Data segment:

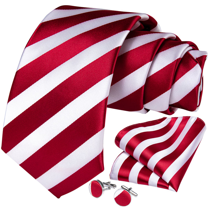 Classic White Red Striped Men's Necktie Pocket Square Cufflinks Set with Lapel Pin
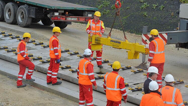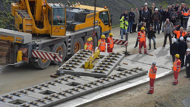 Bei Oberwohlsbach begann am Dienstag der Gleisbau für die neue Schnellzugstrecke von Oberfranken nach Thüringen.
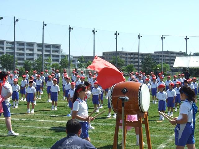 開会式で梅田校長は「今年は10周年という記念の回です。それにふさわしい、たくましい心と身体を育てるスポーツフェスタであってほしいと思います」と激励しました。児童代表のP4生が選手宣誓をし、赤組と白組、それぞれの応援合戦が繰り広げられて、競技は始まりました。

Exercise: All lines of the listing must be given again exactly, excluding the pictures.

Solution for this problem:
 Classic White Red Striped Men's Necktie Pocket Square Cufflinks Set with Lapel Pin
 Bei Oberwohlsbach begann am Dienstag der Gleisbau für die neue Schnellzugstrecke von Oberfranken nach Thüringen.
 開会式で梅田校長は「今年は10周年という記念の回です。それにふさわしい、たくましい心と身体を育てるスポーツフェスタであってほしいと思います」と激励しました。児童代表のP4生が選手宣誓をし、赤組と白組、それぞれの応援合戦が繰り広げられて、競技は始まりました。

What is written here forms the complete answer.